▼▼▼

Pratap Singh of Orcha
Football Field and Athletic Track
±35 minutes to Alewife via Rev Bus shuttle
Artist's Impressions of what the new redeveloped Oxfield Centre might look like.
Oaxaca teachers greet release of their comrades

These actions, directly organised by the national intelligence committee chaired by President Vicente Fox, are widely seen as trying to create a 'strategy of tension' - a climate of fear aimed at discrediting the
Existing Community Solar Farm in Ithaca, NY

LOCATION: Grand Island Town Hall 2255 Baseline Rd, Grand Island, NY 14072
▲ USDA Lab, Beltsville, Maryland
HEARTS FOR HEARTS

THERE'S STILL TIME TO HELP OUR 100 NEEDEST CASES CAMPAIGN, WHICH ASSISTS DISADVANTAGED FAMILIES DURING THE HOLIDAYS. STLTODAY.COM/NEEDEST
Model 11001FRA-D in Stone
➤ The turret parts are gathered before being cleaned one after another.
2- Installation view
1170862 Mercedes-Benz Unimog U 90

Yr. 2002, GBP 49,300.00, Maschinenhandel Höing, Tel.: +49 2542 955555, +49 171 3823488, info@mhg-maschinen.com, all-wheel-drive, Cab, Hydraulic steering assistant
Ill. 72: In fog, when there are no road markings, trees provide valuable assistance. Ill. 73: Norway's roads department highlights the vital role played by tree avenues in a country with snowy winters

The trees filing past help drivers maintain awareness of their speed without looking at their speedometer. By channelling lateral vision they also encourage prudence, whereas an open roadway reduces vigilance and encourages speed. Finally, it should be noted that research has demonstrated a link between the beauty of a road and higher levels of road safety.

▲▲▲
▼▼▼

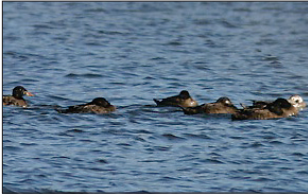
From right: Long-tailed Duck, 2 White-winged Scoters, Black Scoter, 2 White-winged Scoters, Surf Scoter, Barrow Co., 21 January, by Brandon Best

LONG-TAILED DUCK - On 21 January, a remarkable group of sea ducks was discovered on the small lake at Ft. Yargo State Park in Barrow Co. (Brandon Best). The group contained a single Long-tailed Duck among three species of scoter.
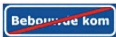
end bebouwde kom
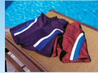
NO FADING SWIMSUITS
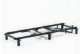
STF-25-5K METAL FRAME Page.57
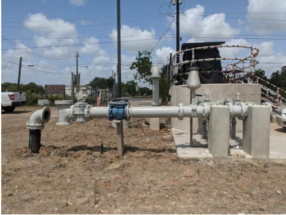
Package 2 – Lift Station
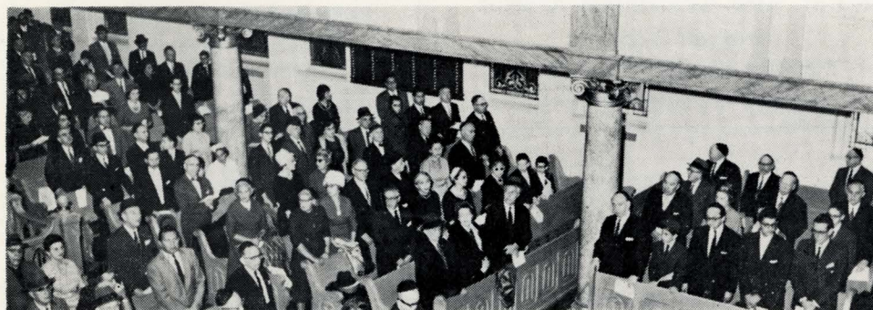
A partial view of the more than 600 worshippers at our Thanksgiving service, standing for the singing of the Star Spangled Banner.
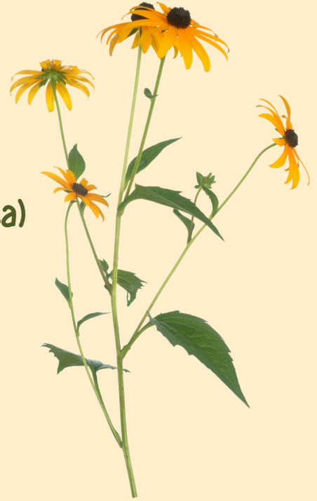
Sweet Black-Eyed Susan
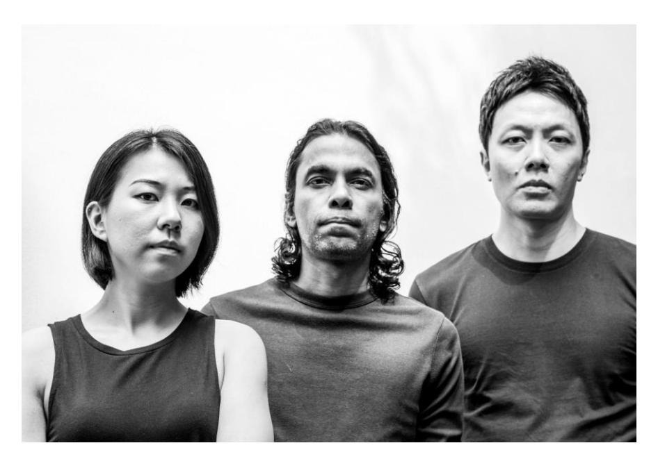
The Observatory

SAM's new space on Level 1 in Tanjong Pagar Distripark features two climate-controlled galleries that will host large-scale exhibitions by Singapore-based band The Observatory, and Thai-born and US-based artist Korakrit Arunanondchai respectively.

▲▲▲

WHAT TO WORK ON: Your answer should be the lines above, from the line containing "Pratap Singh of Orcha" up to and including the line containing "LOCATION: Grand Island", reproduced exactly and with nothing else.

ANSWER SPACE:
Pratap Singh of Orcha
Football Field and Athletic Track
±35 minutes to Alewife via Rev Bus shuttle
Artist's Impressions of what the new redeveloped Oxfield Centre might look like.
Oaxaca teachers greet release of their comrades

These actions, directly organised by the national intelligence committee chaired by President Vicente Fox, are widely seen as trying to create a 'strategy of tension' - a climate of fear aimed at discrediting the
Existing Community Solar Farm in Ithaca, NY

LOCATION: Grand Island Town Hall 2255 Baseline Rd, Grand Island, NY 14072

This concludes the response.